I need every line from the start of the material below up to and including the line containing "show with them.", restated exactly, with the pictures omitted.

- - -

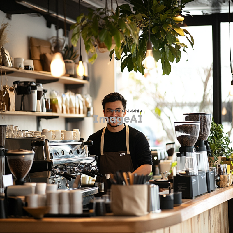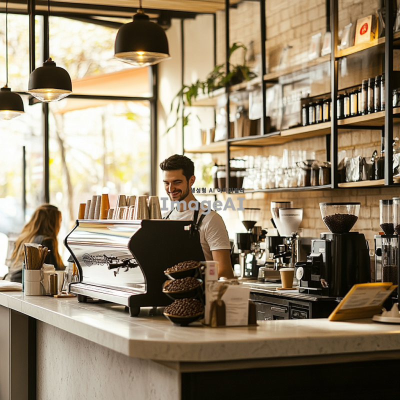성공적인 카페 사장님이 운영하는 세련된 카페 내부, 현대적이고 우아한 인테리어 디자인, 카운터 뒤에서 미소 짓는 사장님, 잘 정돈된 커피 머신과 다양한 커피 원두가 진열된 선반, 깔끔하고 아늑한 좌석 배치, 창문을 통해 들어오는 자연광, 고객들이 편안하게 대화하는 모습, 고급스러운 느낌의 장식 요소들, 사장님의 자신감 있는 표정과 프로페셔널한 분위기.
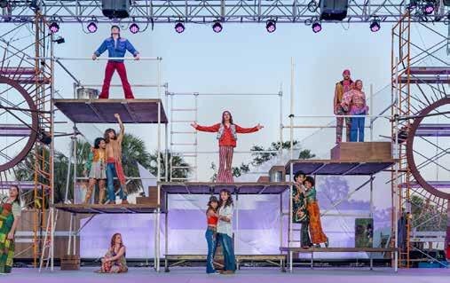 “Through iconic songs like ‘Aquarius’ and ‘Let the Sunshine in,’ the cast voices their dreams for a more harmonious world, united through the universal languages of music, protest, and community,” American Stage has noted. It features Henry Hawes as Claude, EJ Dohring as Berger, Emma Rose Johnson as Sheila, Zoë Grolnick as Jeanie and Joseph Condon as Margaret. Condon, who also performs in drag as St. Genesius, grew up in St. Petersburg watching the park shows. It was always something he wanted to be a part of, so following graduation from the University of Alabama, he returned to St. Petersburg and booked a show with them.
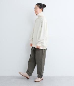 適度にボリュームを持たせながらも、タテラインを意識した脇切り替えのサイドパネルですっきりまとめました。タートルネックが首元までしっかりあたため、リブ仕様なので被りやすくなっています。ヒップにかかるロング丈もポイント。
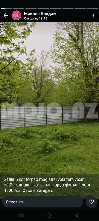 Qəbələ, Satılır 20 sot torpaq sahəsi
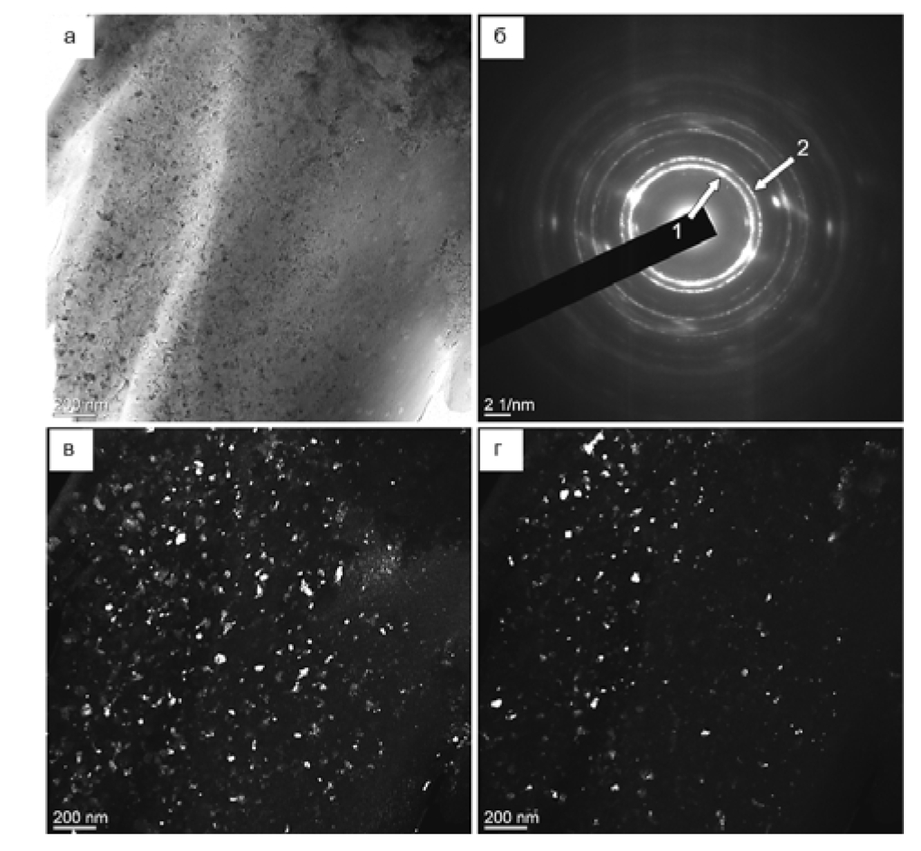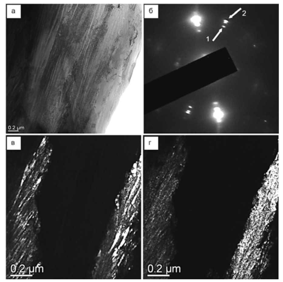 Fig. 4. Electron microscopic image of the structure of the surface layer of steel 20X23H18 subjected to nitriding under conditions of heating of samples of the ionic component of the plasma: a - bright field; b - microelectron diffraction pattern obtained from this section of the foil; (c, d) dark fields obtained in (c) [ 1111 CrN and (cl) [111] y-Fe + [111] Fe4N reflections. In (b), the arrow indicates the reflections in which dark fields were obtained reflection No. 1 (c) and reflection No. 2 (d)
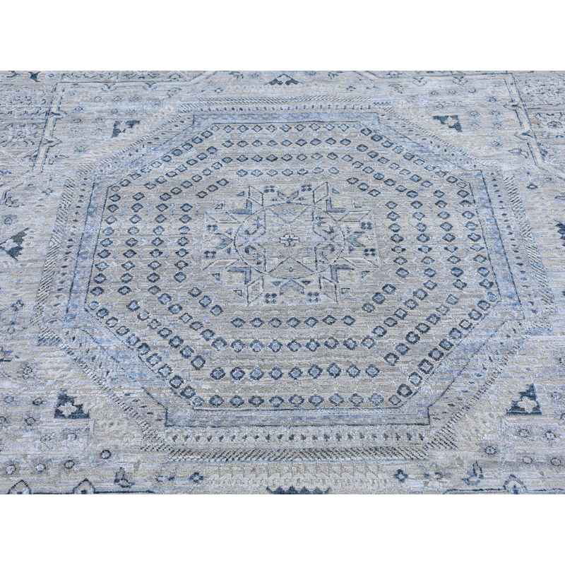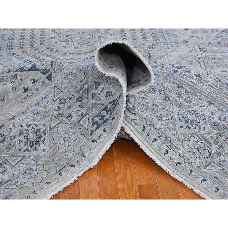 12’x15’2″ Pure Silk with Textured Wool Blue-Gray Mamluk Design Hand Knotted Oriental Rug Sh66480
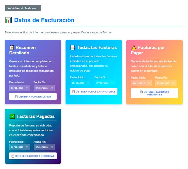 • Informes de proveedores individual o conjuntamente. Filtro por fechas. Obtén trimestres. Anuales.

- - -

**Reply**
성공적인 카페 사장님이 운영하는 세련된 카페 내부, 현대적이고 우아한 인테리어 디자인, 카운터 뒤에서 미소 짓는 사장님, 잘 정돈된 커피 머신과 다양한 커피 원두가 진열된 선반, 깔끔하고 아늑한 좌석 배치, 창문을 통해 들어오는 자연광, 고객들이 편안하게 대화하는 모습, 고급스러운 느낌의 장식 요소들, 사장님의 자신감 있는 표정과 프로페셔널한 분위기.
 “Through iconic songs like ‘Aquarius’ and ‘Let the Sunshine in,’ the cast voices their dreams for a more harmonious world, united through the universal languages of music, protest, and community,” American Stage has noted. It features Henry Hawes as Claude, EJ Dohring as Berger, Emma Rose Johnson as Sheila, Zoë Grolnick as Jeanie and Joseph Condon as Margaret. Condon, who also performs in drag as St. Genesius, grew up in St. Petersburg watching the park shows. It was always something he wanted to be a part of, so following graduation from the University of Alabama, he returned to St. Petersburg and booked a show with them.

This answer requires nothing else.